A small regional hospital’s antitrust suit alleging illegal exclusive dealing and attempted monopolization against its largest competitor will move forward following a district court’s denial of the defendant hospital’s motion for judgment on the pleadings.  Methodist Health Svcs. Corp. v. OFS Healthcare System, d/b/a Saint Francis Med. Ctr., No. 1:13-cv-01054 (C.D. Ill. Mar. 25, 2015).  The complaint alleges that defendant is a “must have” for health insurers, and that defendant leverages that status to prevent health insurers from contracting with plaintiff and other competing hospitals.  Saint Francis filed a motion for judgment on the pleadings, arguing that the complaint failed to plead, and cannot adequately plead, plausible relevant product markets or substantial foreclosure in those markets.  The court disagreed.

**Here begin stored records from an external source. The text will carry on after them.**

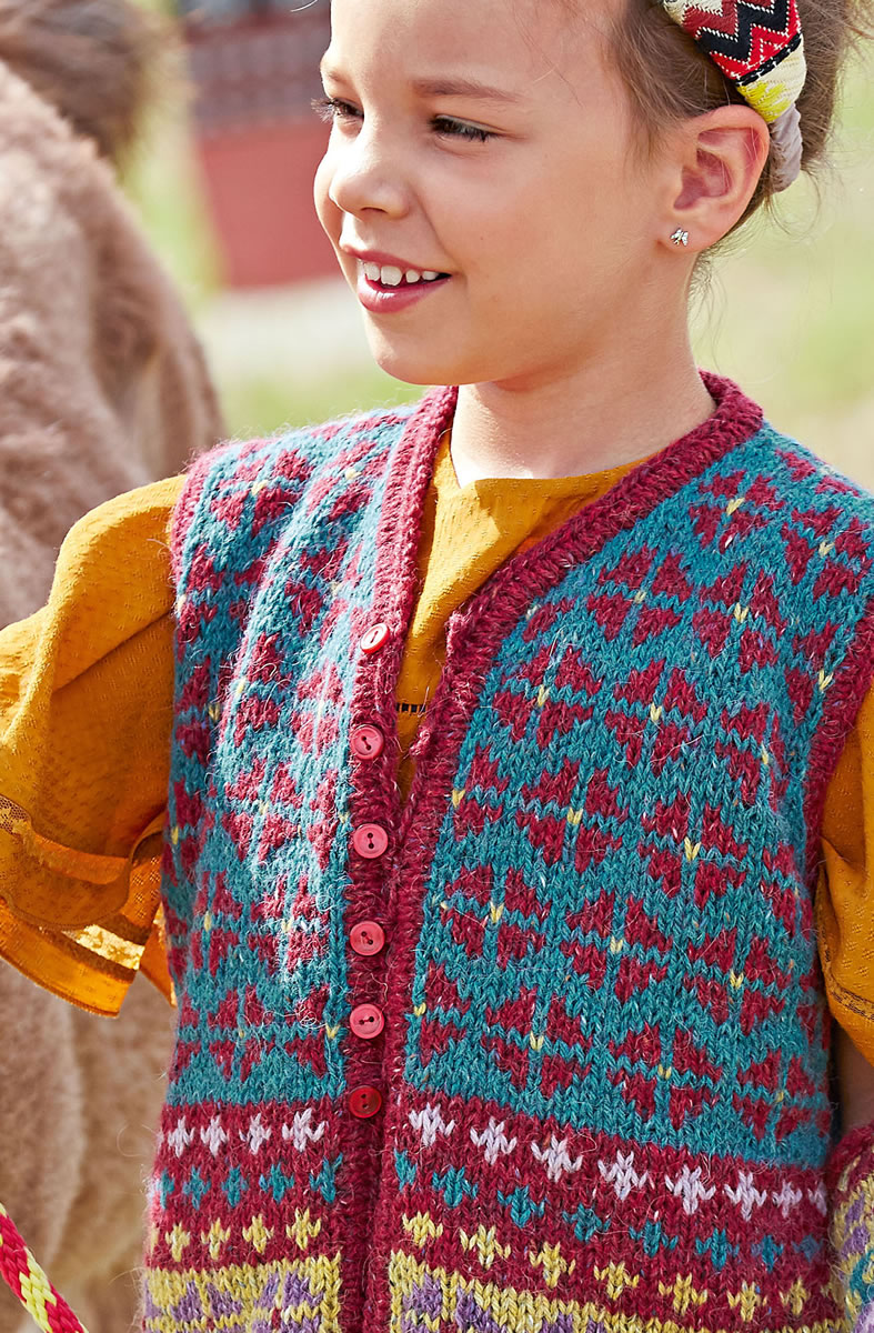 In Peru gibt es nicht nur Alpakas, hier werden auch so schöne, bunte Jacquard-Muster gestrickt! Die schmücken diese Weste, aber auch die Fingerhandschuhe mit den langen Stulpen und das Stirnband - und was das Coolste ist: je bunter gemixt desto schöner!
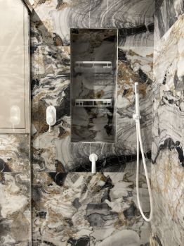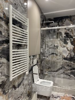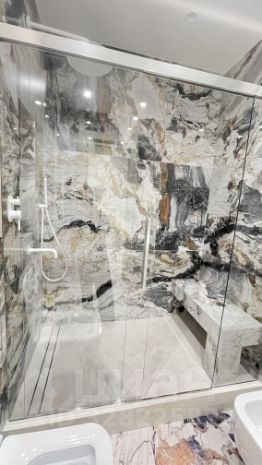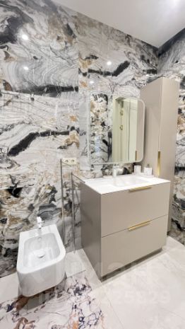 - основной санузел с большой душевой, биде, унитазом, раковиной с встроенными шкафами и большим зеркалом;
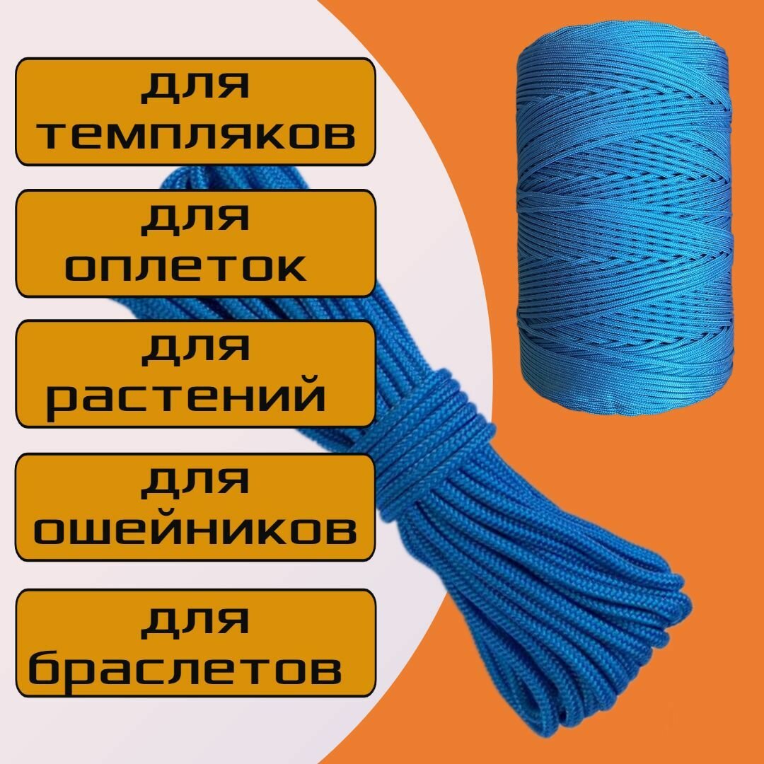 Паракорд голубой 3 мм / плетеный шнур, яркий, прочный, универсальный, длина 30 метров
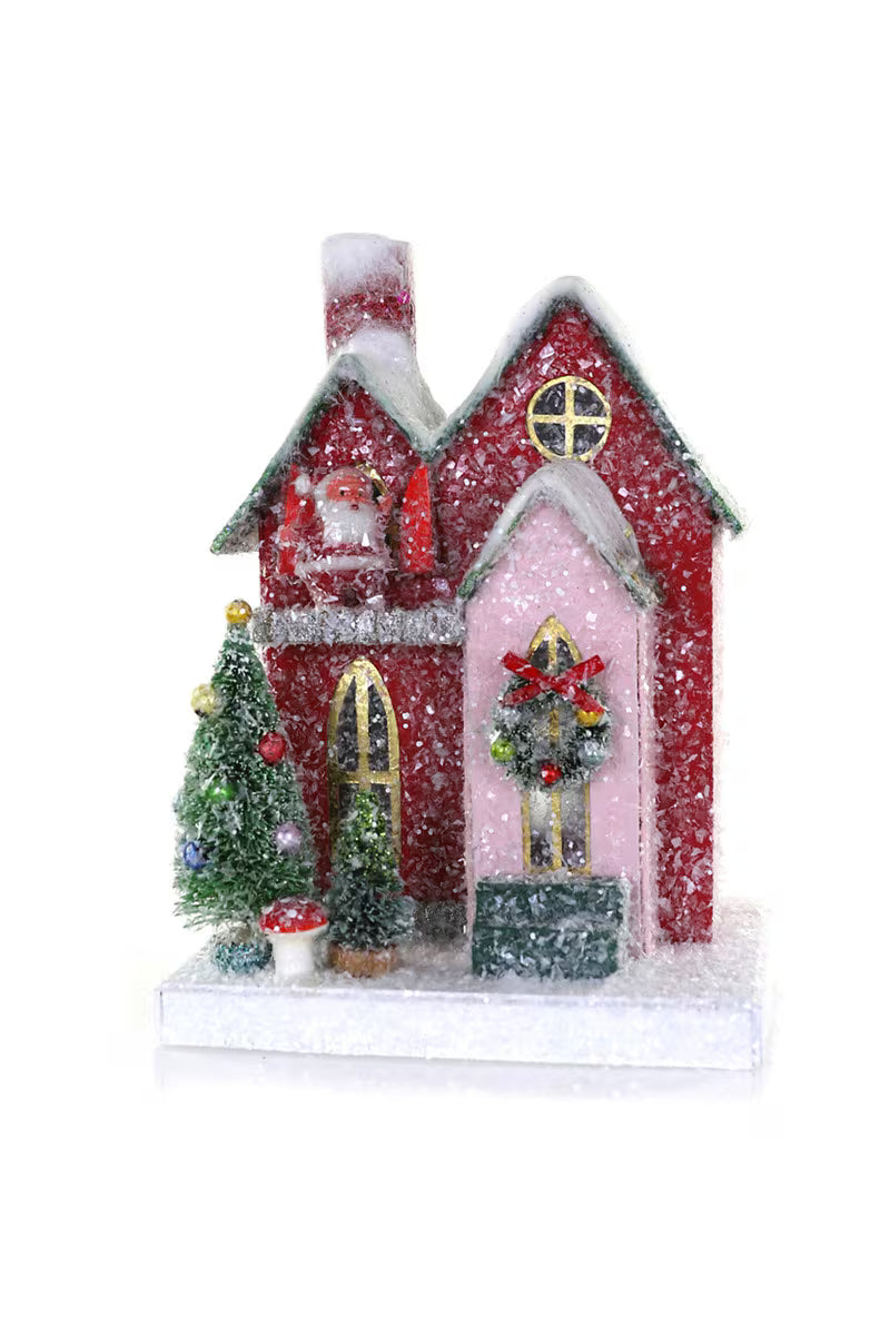 Size: 5.25x4.75x7.5Material: Paper Pulp, Bottle Brush, Batting, Beads, Ribbon, Glitter & Mica
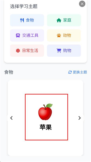 3、在主题词汇学习页面,可查看词汇苹果的相关展示。
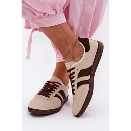 Dámské sneakersy vyrobené z ekologické kůže jsou stylovým doplňkem pro každodenní stylizace. Nízký střih zajišťuje univerzální vzhled, díky čemuž se boty skvěle hodí k mnoha outfitům. Klasické šněrování umožňuje dobré přizpůsobení noze a dekorativní pásky po stranách podtrhují módní vzhled modelu. Jsou to pohodlné sneakersy, které spojují praktičnost s aktuálními trendy a hodí se jak na procházky, tak na aktivní den ve městě. Při výběru velikosti se řiďte tabulkou velikostí.
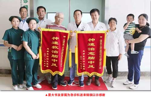 最终夏大爷顺利康复,左侧肢体能正常活动,言语功能基本恢复,基本未留后遗症。出院前,家属为感谢医务人员的“神速”救治,给急诊科齐洪阁主任以及神经内科李振并主任各送来了锦旗。“真是感谢你们,太感谢你们了,非常感谢......。”
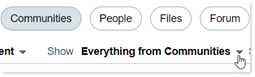 • When you select the Communities filter, you see an additional drop-down filter, Everything from Communities. If you want to limit your results to a list of the communities relevant to your search term, select Communities from the drop-down. If you want results that return relevant content within the communities, select Content in Communities.
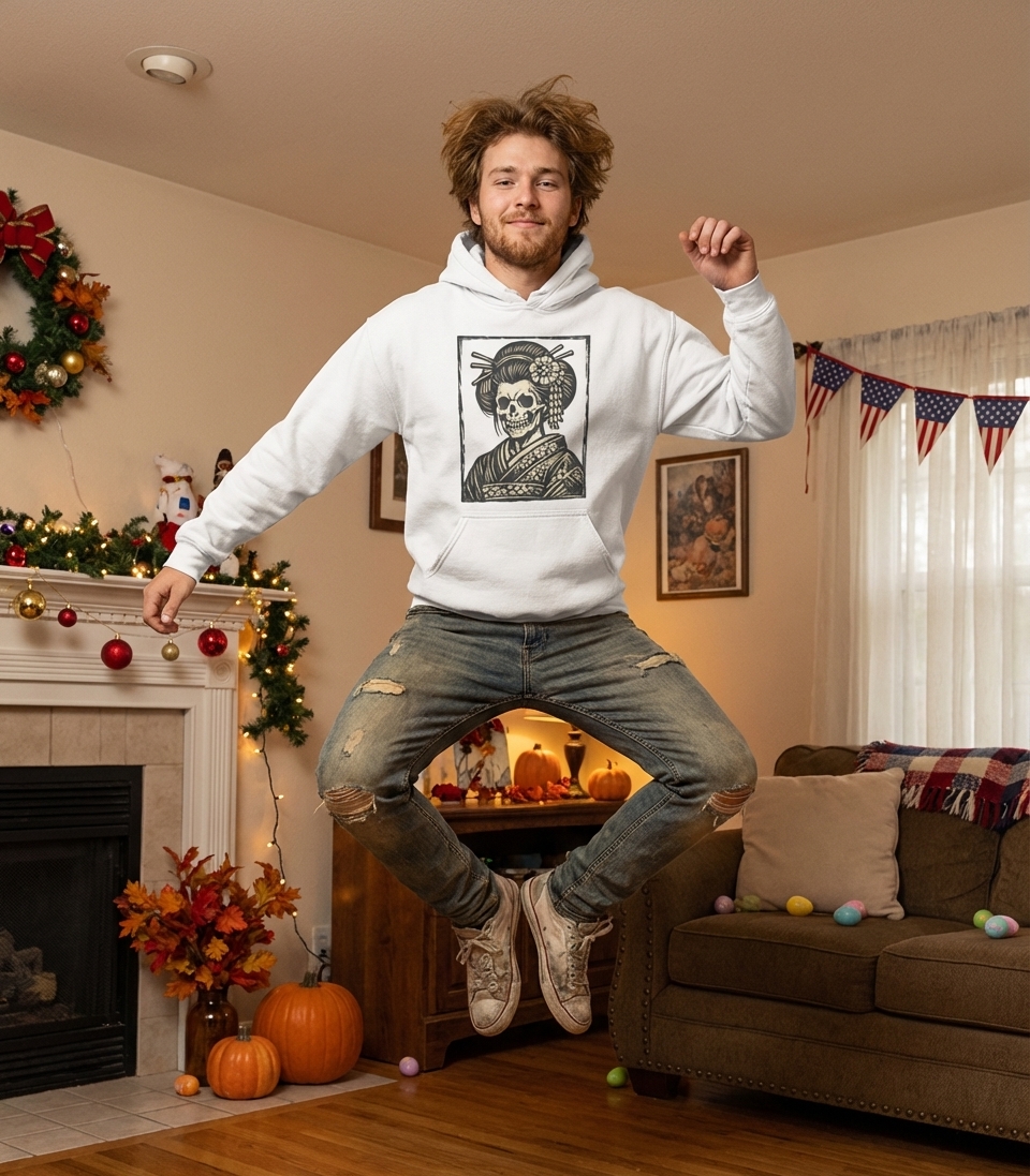 Yes! Check the style selector above to see all available options including hoodies and sweatshirts for the Geisha Skull Kimono graphic.

In “Hospital Wins First Round Against Largest Rival” Mintz Levin antitrust attorneys explain the importance of this case, noting that it has the potential to create important precedent and guidance regarding the use of exclusive contracts, particularly when employed by parties with market power.  The case also serves as an important reminder that private antitrust litigation can often spark the interest of federal antitrust enforcers, as was the case in the FTC’s seminal St. Luke’s matter.  Beyond private litigants, the potential competitive harm from exclusive dealing has been and continues to be scrutinized by the federal antitrust enforcers.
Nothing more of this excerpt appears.